Transfer of patients being treated with oral corticosteroids.

Because of the possibility of impaired adrenal response, patients transferring from oral steroid therapy to inhaled fluticasone propionate should be treated with special care and adrenocortical function regularly monitored.
Following introduction of inhaled fluticasone propionate, withdrawal of systemic therapy should be gradual and patients whose adrenocortical function is still impaired should carry a steroid warning card indicating that they may need supplementary systemic steroid during periods of stress, e.g. worsening asthma attacks, chest infections, major intercurrent illness, surgery, trauma, etc.
In rare cases inhaled therapy may unmask underlying eosinophilic conditions (e.g. Churg-Strauss syndrome). These cases have usually been associated with reduction or withdrawal of oral corticosteroid therapy. A direct causal relationship has not been established.
Similarly, replacement of systemic steroid treatment with inhaled therapy sometimes unmasks allergies such as allergic rhinitis or eczema previously controlled by the systemic drug. These allergies should be symptomatically treated with antihistamine and/or topical preparations, including topical steroids.

Use in the elderly.

There are no special precautions for use in the elderly.

Paediatric use.

The growth of paediatric patients receiving corticosteroids, including fluticasone propionate, should be monitored. The potential growth effects of prolonged treatment should be weighed against the clinical benefits obtained.
In children taking recommended doses of inhaled fluticasone propionate, adrenal function and adrenal reserve usually remain within the normal range. However, the possible effects of previous or intermittent treatment with oral steroids should not be discounted. Nevertheless, the benefits of inhaled fluticasone propionate should minimise the need for oral steroids.
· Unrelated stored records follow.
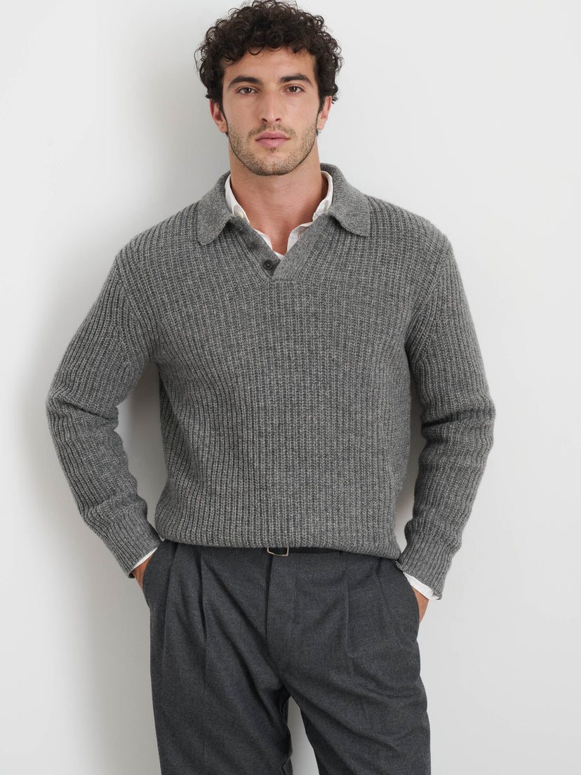 A sweater polo made with superfine chunky ribbed Merino wool.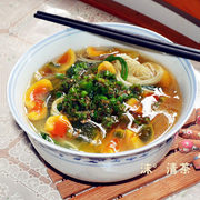 中细棍面条、皮蛋、青椒、空心菜、生抽酱油、芝麻香油、花椒面、熟油辣子、味精、面汤。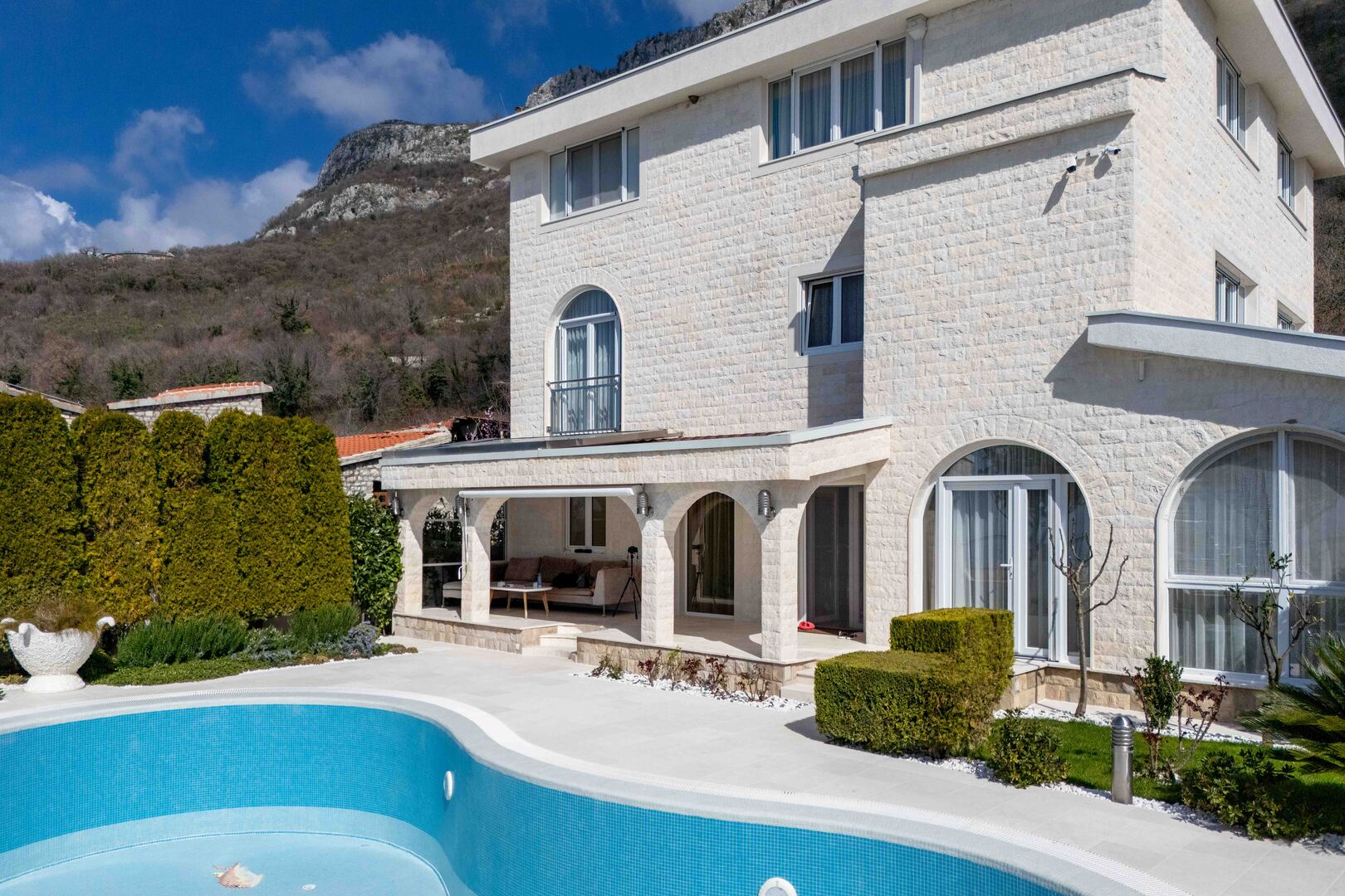 Luksuzna vila ukupne površine 410 m², smještena na placu od 1300 m², sa otvorenim pogledom na more i visokim nivoom privatnosti.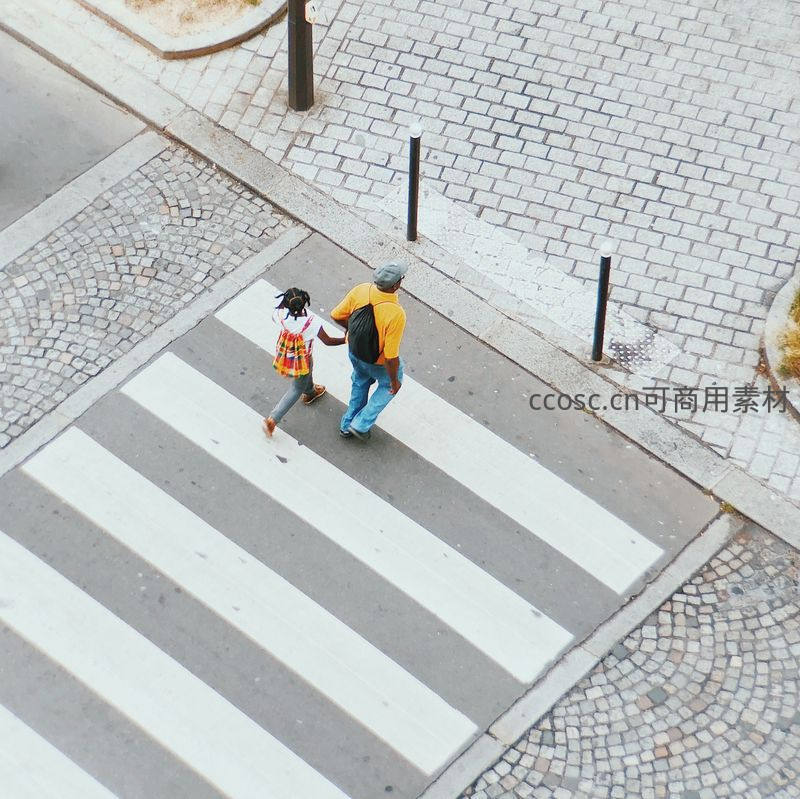 俯瞰斑马线上的温馨时刻,父女牵手漫步街头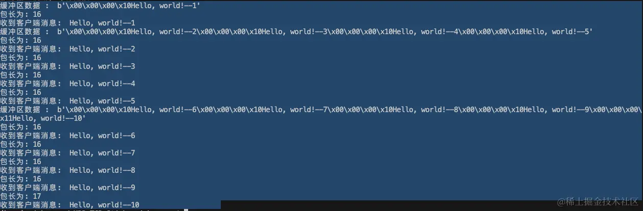 可以看到由于处理的时间过长,导致数据堆积在缓冲区形成粘包。通过在消息头部设置包长,确定数据包的完整性。通过包长将粘包进行拆包。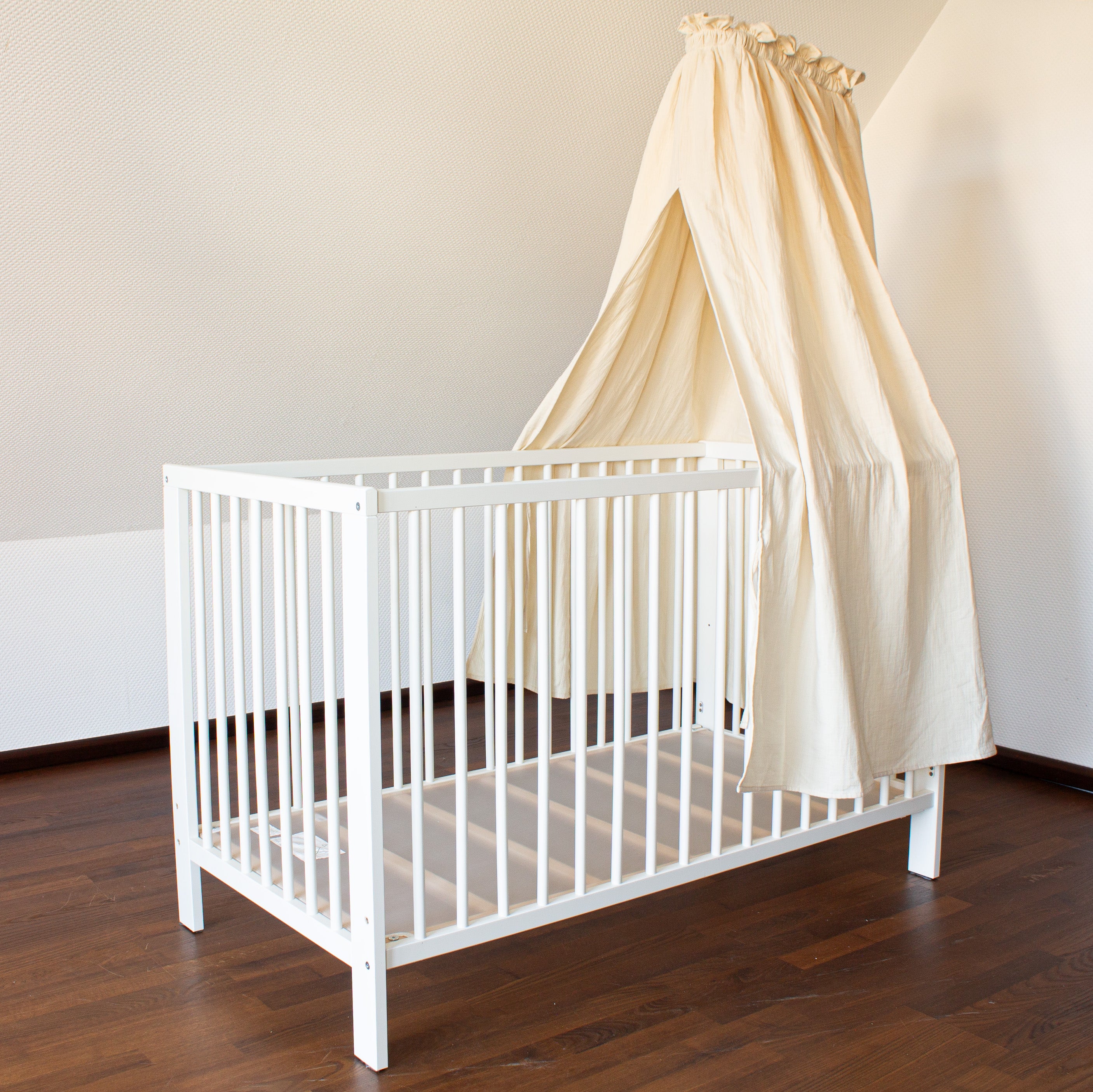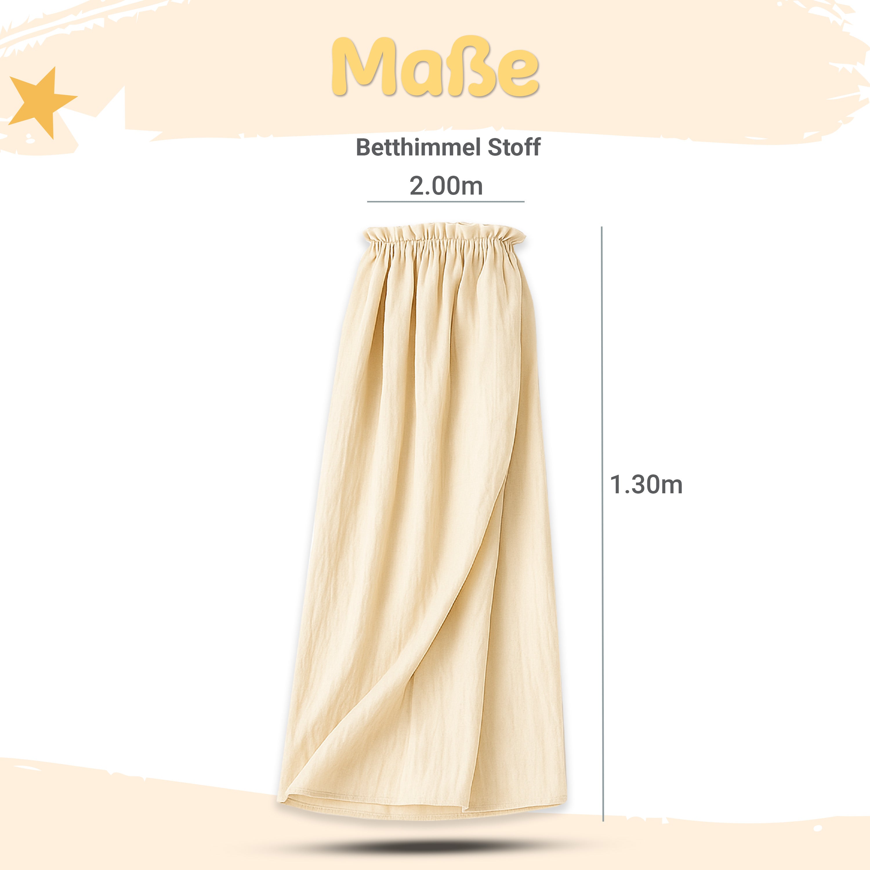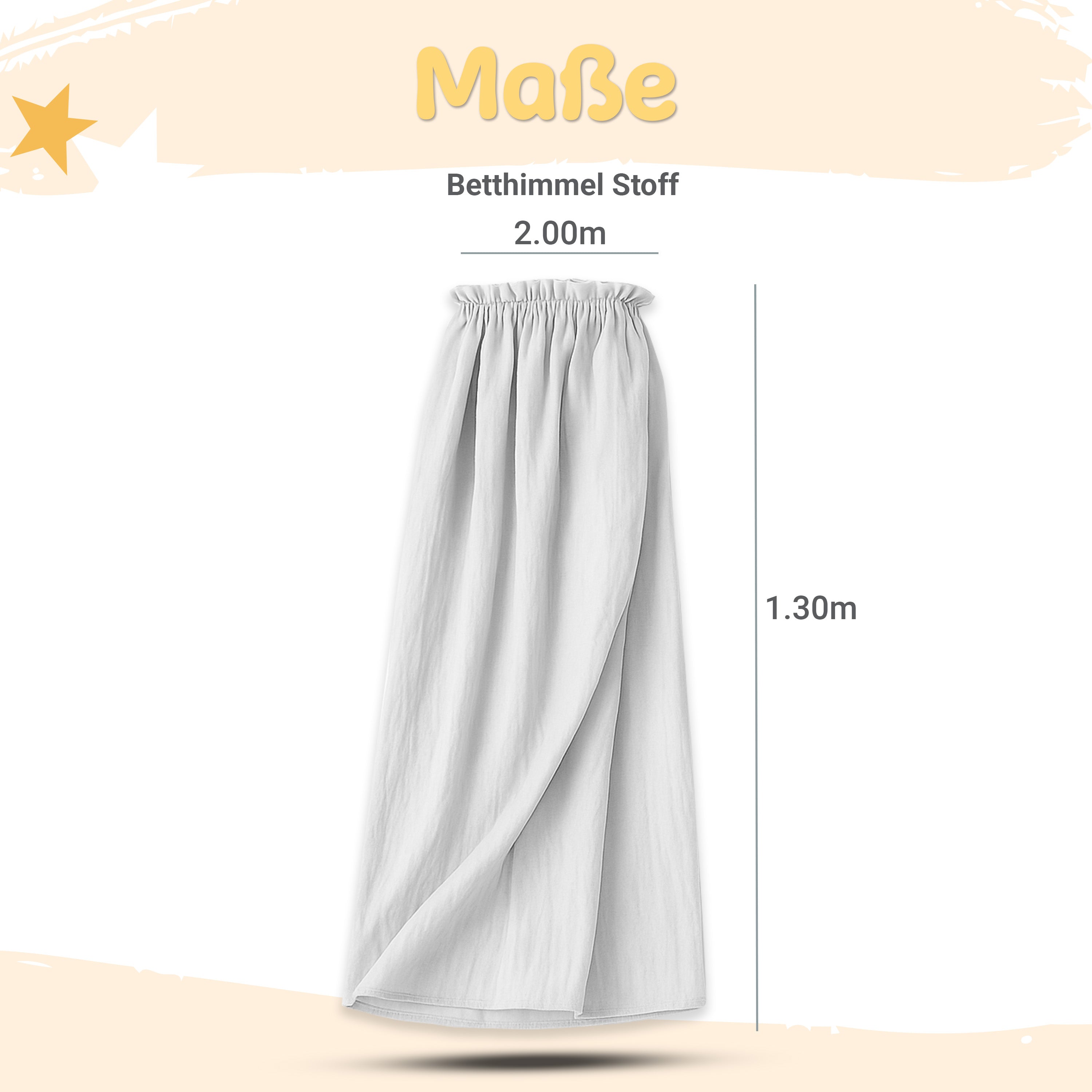 Unser liebevoll gestalteter Betthimmel aus weichem Musselin (Länge: 130 cm) schafft sanften Lichtschutz und eine Atmosphäre voller Geborgenheit. Die zarte Rüschenoptik oben und die zeitlosen Farben Creme und Hellgrau fügen sich harmonisch in jedes Kinderzimmer.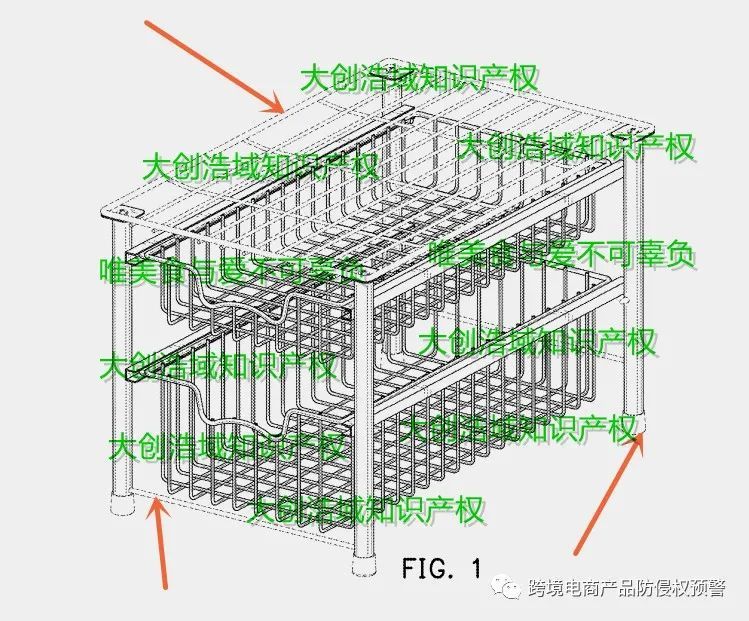 我看到下面这款【浴室用品收纳支架】目前仍然有多家企业正在售卖,如贵司也是做这款产品的,就能看到目前的销售数据了:(照片下载自亚马逊美国站,本次展示不用于商业用途,版权归原作者所有)在美国有专利,下面展示其专利图截图:注意,截图中标示了3个箭头,意思是指,主要该产品主体不变,在这3个位置进行小改动的,仍然构成专利侵权。不存在什么3个点不同,6个点不同,这种模糊的说法!往期好文推荐(点击跳转阅读):1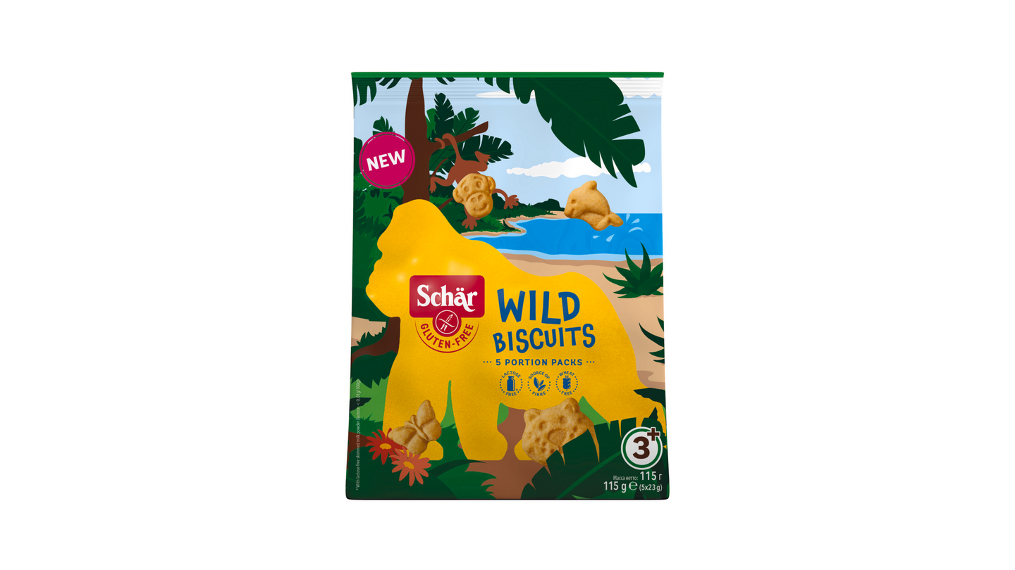 LaktoositonHauskanpitoa jokaisessa eläimenmuotoisessa suupalassa. Wild biscuits -keksi on herkullinen eläimen muotoinen keksi, jossa on mieto vaniljan maku. Kätevästi annospakattu pieniin pusseihin. Tee välipalasta seikkailu Wild Biscuit -kekseillä, joissa hauskat ja jännittävät eläinmuodot kohtaavat herkullisen maun. Keksit ovat laktoosittomia, gluteenittomia ja vehnättömiä.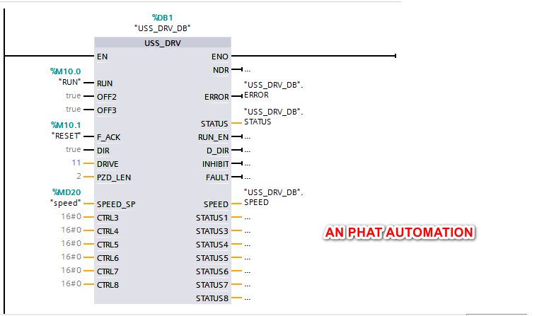 USS_DRV: Điều khiển một thiết bị trên mạng USS, ở đây US_DRV cung cấp khả năng tắt mở, điều khiển tần số cho biến tần Siemens.

Effects on laboratory tests.

No data available.

4.5 Interactions with Other Medicines and Other Forms of Interactions

Under normal circumstances, low plasma concentrations of fluticasone propionate are achieved after inhaled dosing, due to extensive first-pass metabolism and high systemic clearance mediated by cytochrome P450 3A4 in the gut and liver. Hence, clinically significant drug interactions mediated by fluticasone propionate are unlikely.
A drug interaction study in healthy subjects has shown that ritonavir (a highly potent cytochrome P450 3A4 inhibitor) can greatly increase fluticasone propionate plasma concentrations, resulting in markedly reduced serum cortisol concentrations. During postmarketing use, there have been reports of clinically significant drug interactions in patients receiving fluticasone propionate and ritonavir, resulting in systemic corticosteroid effects including Cushing's syndrome and adrenal suppression. Therefore, concomitant use of fluticasone propionate and ritonavir should be avoided, unless the potential benefit to the patient outweighs the risk of systemic corticosteroid side effects.
Studies have shown that other inhibitors of cytochrome P450 3A4 produce negligible (erythromycin) and minor (ketoconazole) increases in systemic exposure to fluticasone propionate without notable reductions in serum cortisol concentrations. Nevertheless, care is advised when coadministering potent cytochrome P450 3A4 inhibitors (e.g. ketoconazole) as there is potential for increased systemic exposure to fluticasone propionate.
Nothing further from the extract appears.